Abstract

Patient no‐shows and late cancellations lead to clinic inefficiency, high clinic costs and low patient satisfaction. The two main strategies clinics employed to alleviate the adverse effects of no‐shows are overbooking and patient appointment reminders. Developing effective overbooking schedules depends on accurately predicting each patient’s no‐show probability, while developing effective reminder systems requires a patient‐level estimate of communication sensitivity. Current methods of estimating no‐show probabilities do not produce such patient‐level predictions. To remedy this, we develop a Bayesian nested logit model which utilizes appointment confirmation data and estimates individual‐level coefficients for patient‐specific predictors.
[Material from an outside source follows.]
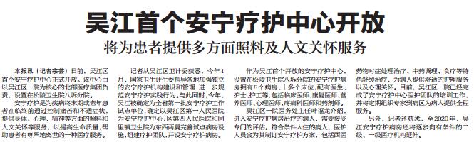 另外,记者还获悉,至2020年,吴江安宁疗护病房还将逐步向有条件的二级、一级医疗机构延伸。

A log‐likelihood comparison of model fit on 12 months of appointment data shows that the Bayesian model outperforms the standard logit model by about 30% improvement in model fit. Additionally, our Bayesian model allows categorization of patients based on their appointment confirmation behavior. Finally, using patient‐specific no‐show probabilities as an input to a simulated appointment scheduler we find that the Bayesian model improves clinic profit over the standard logit model. The benefit comes mainly from waiting cost reduction when no‐show probability is low and from physician overtime and idle time cost reduction when no‐show probability is high. Our study has two managerial implications. First, the Bayesian method allows customizing appointment reminder effort based on patient’s confirmation behavior. Second, the Bayesian method also allows improved overbooking scheduling especially in clinics that experience large patient throughput.